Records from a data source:
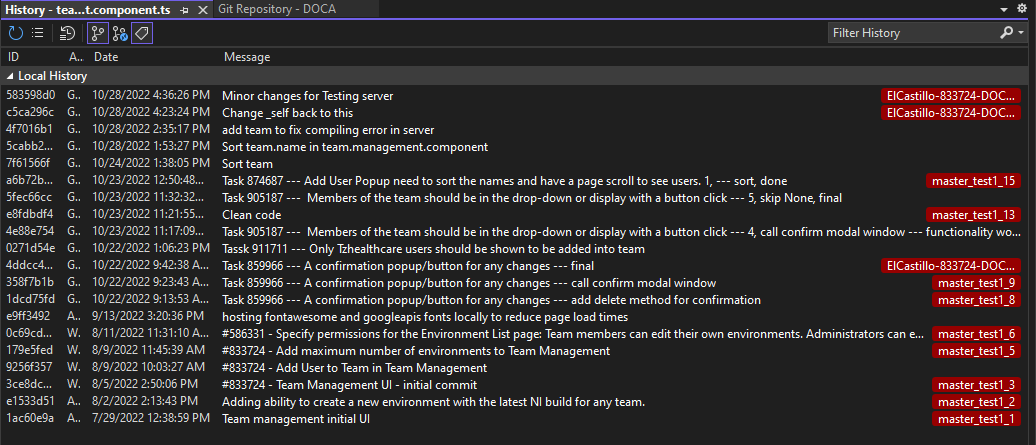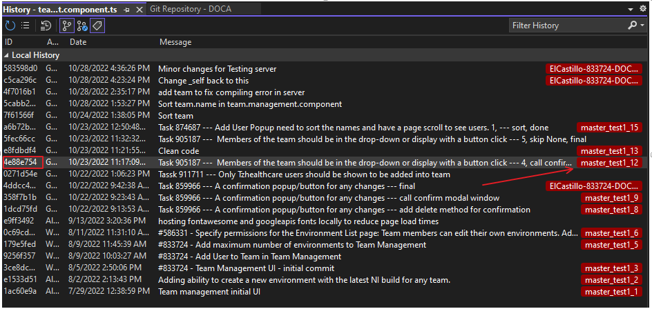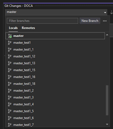 The new created branch, master_test1_12, will be shown in the file chosen history:
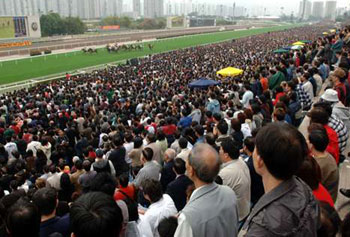 “資料圖:2008年2月9日” 二月九日,香港沙田馬場舉行新春賽馬,吸引大批市民入場。 中新社發(fā) 武仲林 攝
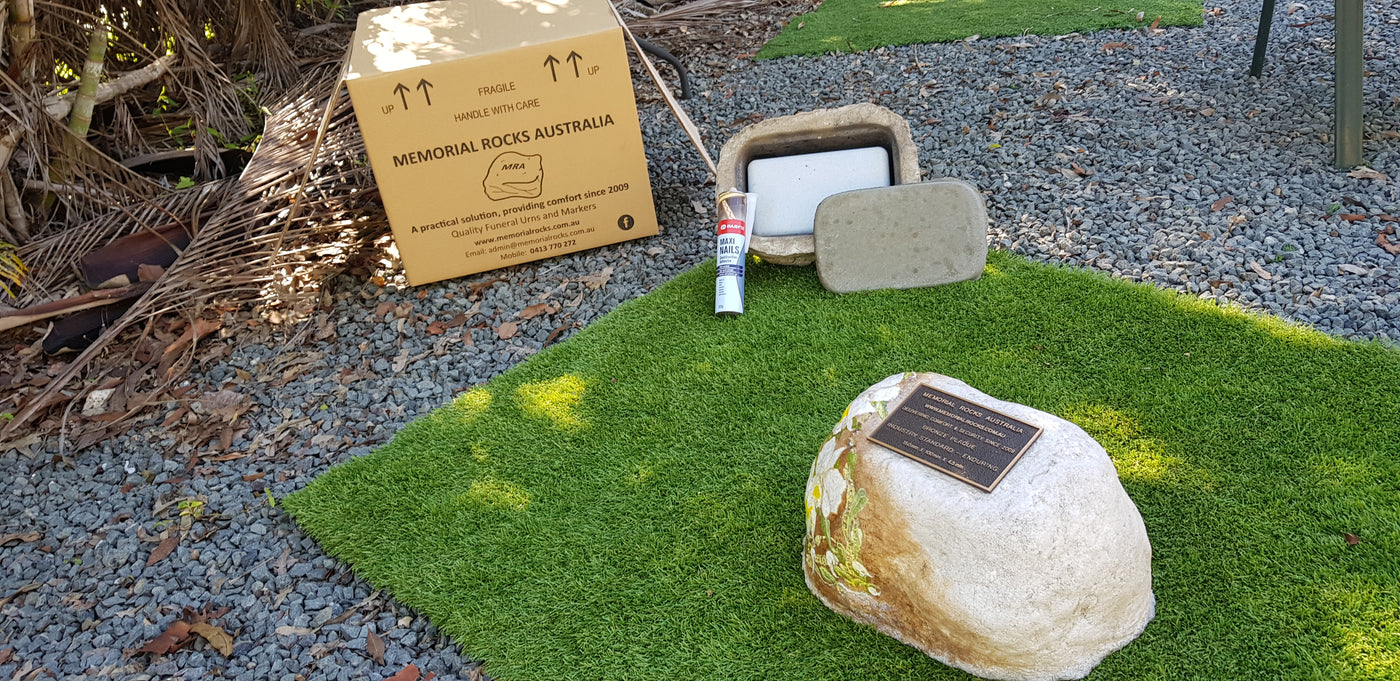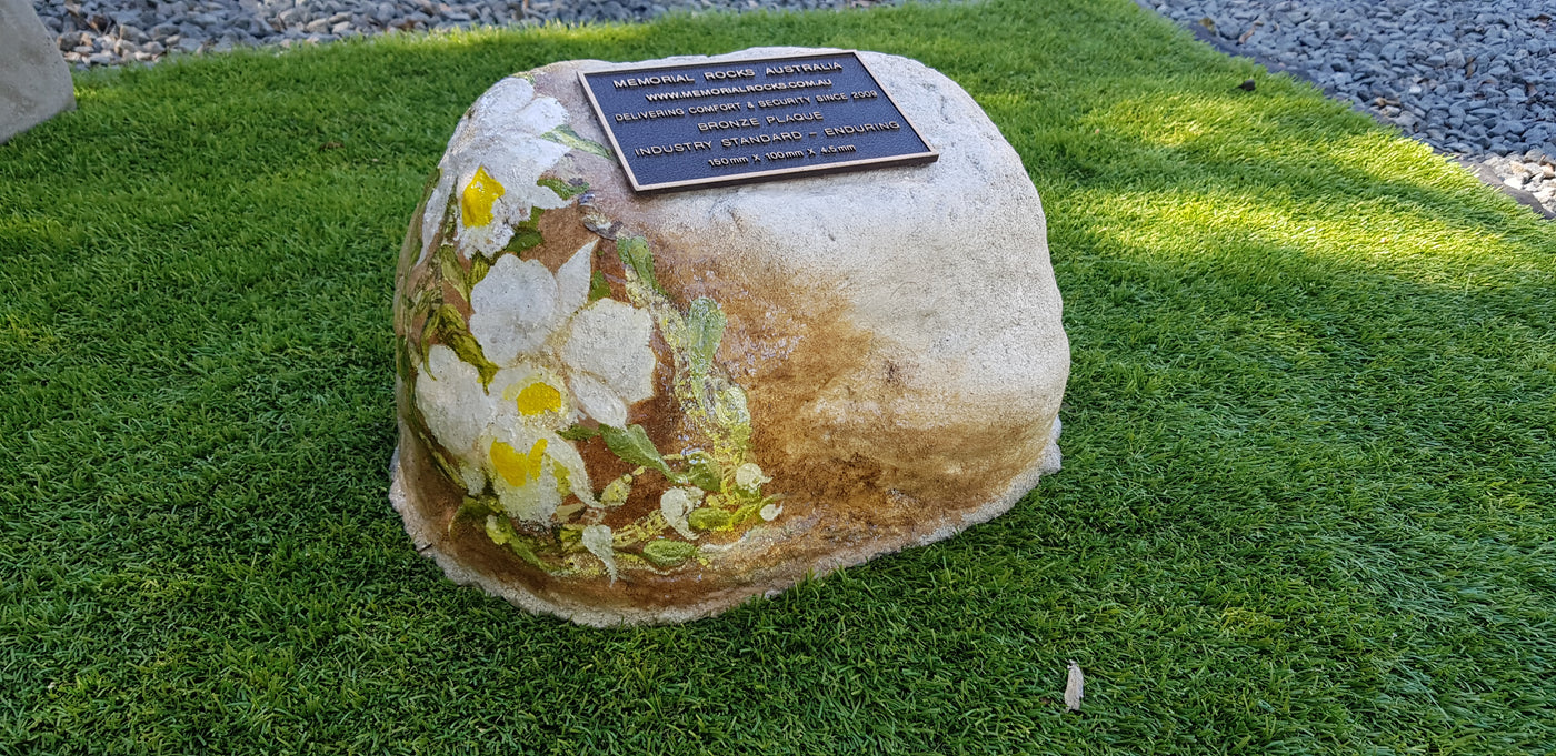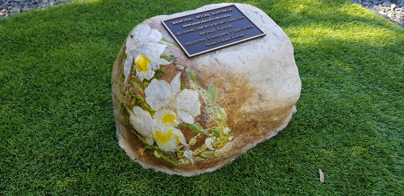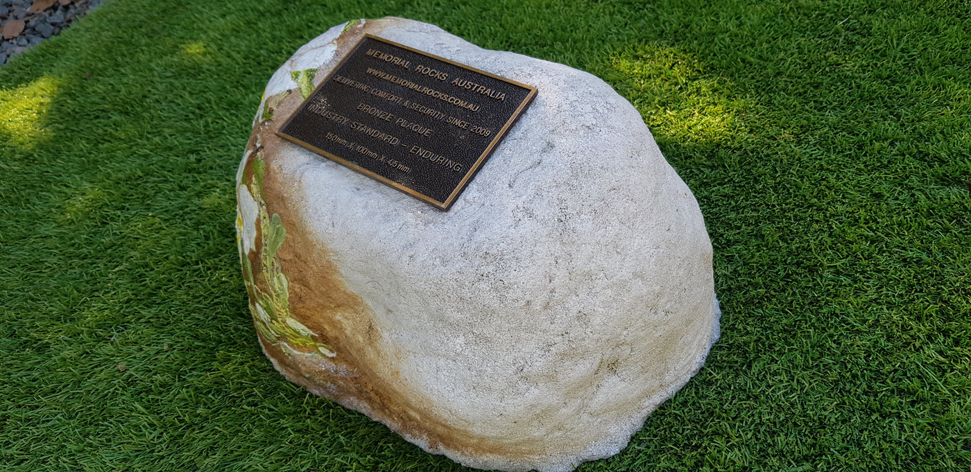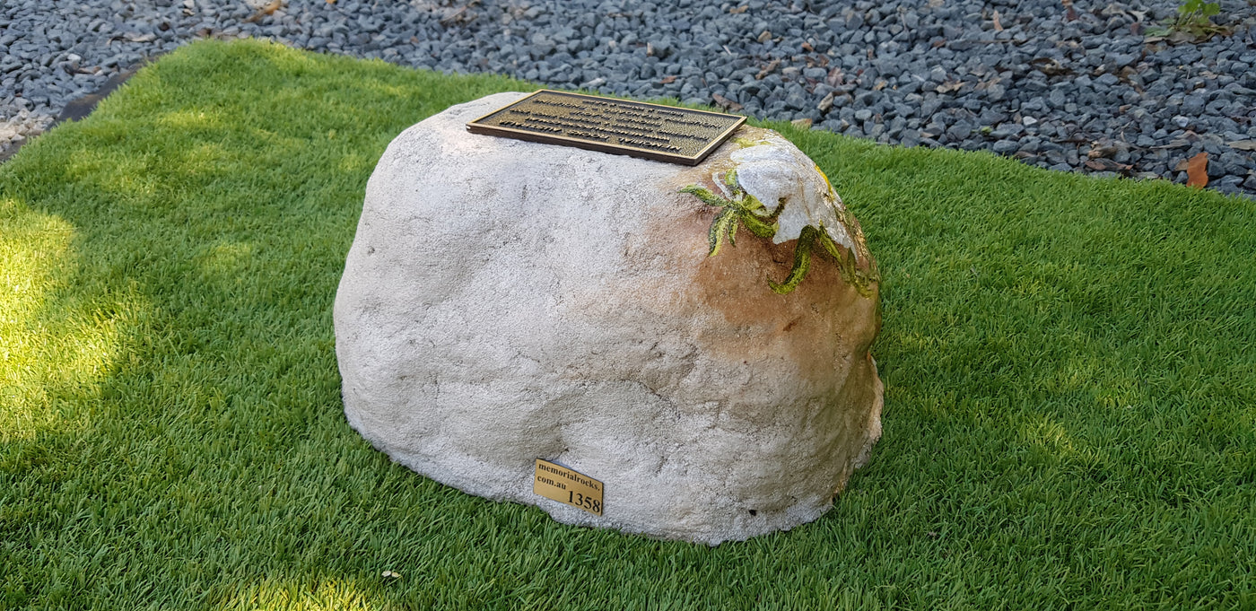 Memorial Rock Urns are a loving practical alternative for the safe keeping of a loved one's ashes. This Memorial Rock Urn has a small internal sealed container for partial ash interment. This Partial Ash Urn Memorial rock has an incorporated flat space for a 100 mm x 75mm x4.5mm industry standard bronze plaque. Proudly Australian made, origin...
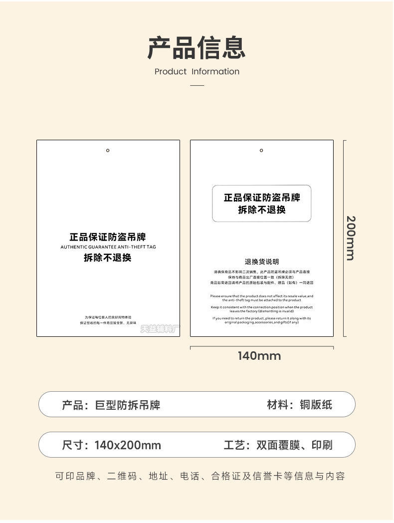 Extra Large Anti-Tamper Tag Customized Disposable Anti-Return Anti-Tamper Label Clothing Tag Card Logo Hanging Card Customized
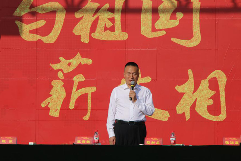 张进良致辞,他回顾了国旗见证新中国由成立到富强的历史时刻,简述了公司以国旗教育为立德树人的切入点的成功经验,阐述了纪念国旗诞生70周年活动的意义,并预祝活动圆满成功。
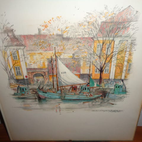rammer, med glas, motiv: Nyhavn, b: 36 h: 30, 2 forgyldte rammer ca 1890 og 1920, det ene med nyere foto fra Nyhavn 17 og kanalen , begge med glas , det andet er skønvirke ramme, 29x33 og 36x30, vurdering 300
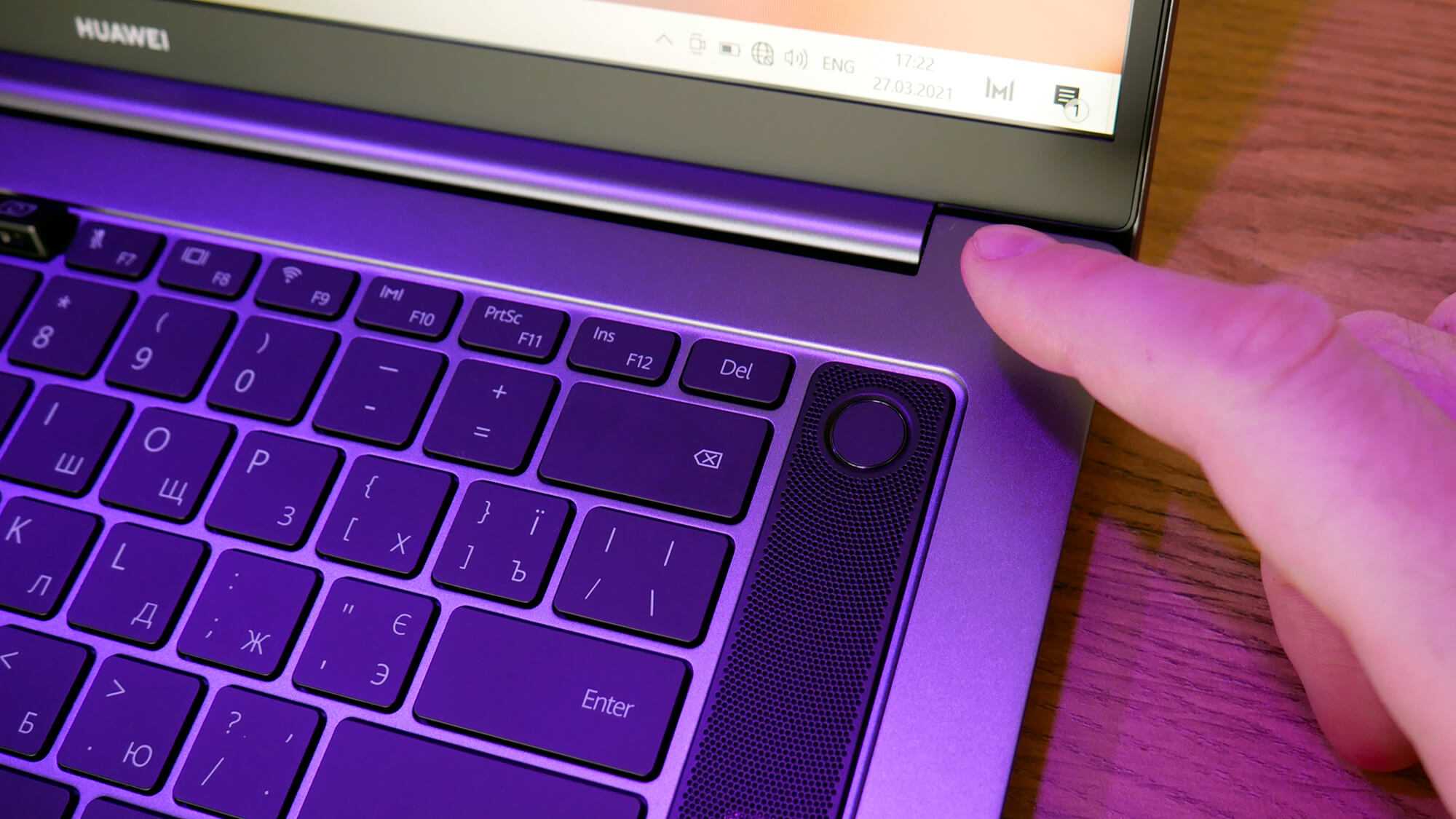 Правее тачпада наклеили NFC-метку под названием Huawei Share. О ней чуть ниже.
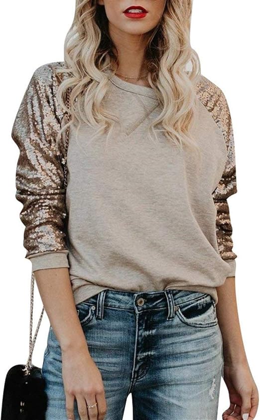 LIGESAY Camicetta da Donna A Manica Lunga con Paillettes E Maniche maglia paillettes maniche lunghe
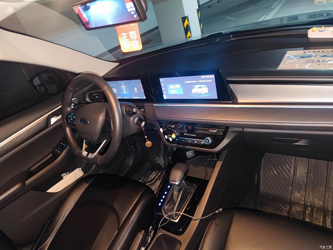 内饰的风格比较简约,深色的比较耐脏。车门门板上半部分也是采用硬塑料覆盖,我打算后期包一点布来提升年轻化氛围。双联屏看着很霸气,中控台加了一根蓝色的氛围灯带。
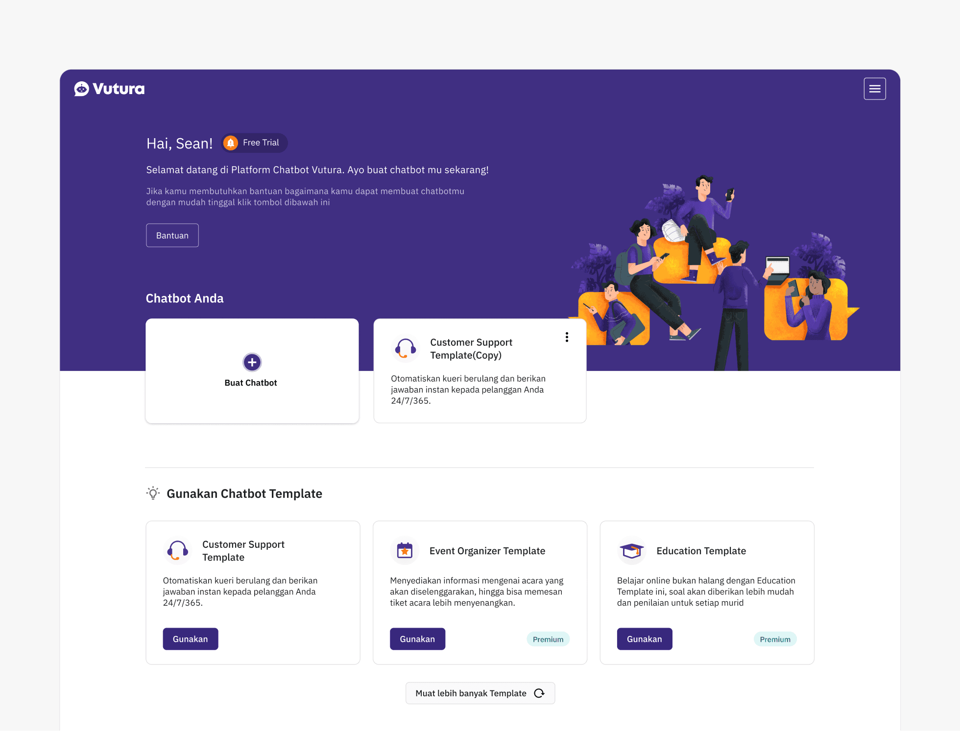The Vutura landing page provides essential tools and information for the business and marketing teams, also acts as a gateway to the no-code chatbot dashboard, along with links to support and pricing pages.

### [What you should do]
Wherever a picture appears in the data, please drop it and retype the rest exactly.

### [Solution to this task]
 The new created branch, master_test1_12, will be shown in the file chosen history:
 “資料圖:2008年2月9日” 二月九日,香港沙田馬場舉行新春賽馬,吸引大批市民入場。 中新社發(fā) 武仲林 攝
 Memorial Rock Urns are a loving practical alternative for the safe keeping of a loved one's ashes. This Memorial Rock Urn has a small internal sealed container for partial ash interment. This Partial Ash Urn Memorial rock has an incorporated flat space for a 100 mm x 75mm x4.5mm industry standard bronze plaque. Proudly Australian made, origin...
 Extra Large Anti-Tamper Tag Customized Disposable Anti-Return Anti-Tamper Label Clothing Tag Card Logo Hanging Card Customized
 张进良致辞,他回顾了国旗见证新中国由成立到富强的历史时刻,简述了公司以国旗教育为立德树人的切入点的成功经验,阐述了纪念国旗诞生70周年活动的意义,并预祝活动圆满成功。
rammer, med glas, motiv: Nyhavn, b: 36 h: 30, 2 forgyldte rammer ca 1890 og 1920, det ene med nyere foto fra Nyhavn 17 og kanalen , begge med glas , det andet er skønvirke ramme, 29x33 og 36x30, vurdering 300
 Правее тачпада наклеили NFC-метку под названием Huawei Share. О ней чуть ниже.
 LIGESAY Camicetta da Donna A Manica Lunga con Paillettes E Maniche maglia paillettes maniche lunghe
 内饰的风格比较简约,深色的比较耐脏。车门门板上半部分也是采用硬塑料覆盖,我打算后期包一点布来提升年轻化氛围。双联屏看着很霸气,中控台加了一根蓝色的氛围灯带。
The Vutura landing page provides essential tools and information for the business and marketing teams, also acts as a gateway to the no-code chatbot dashboard, along with links to support and pricing pages.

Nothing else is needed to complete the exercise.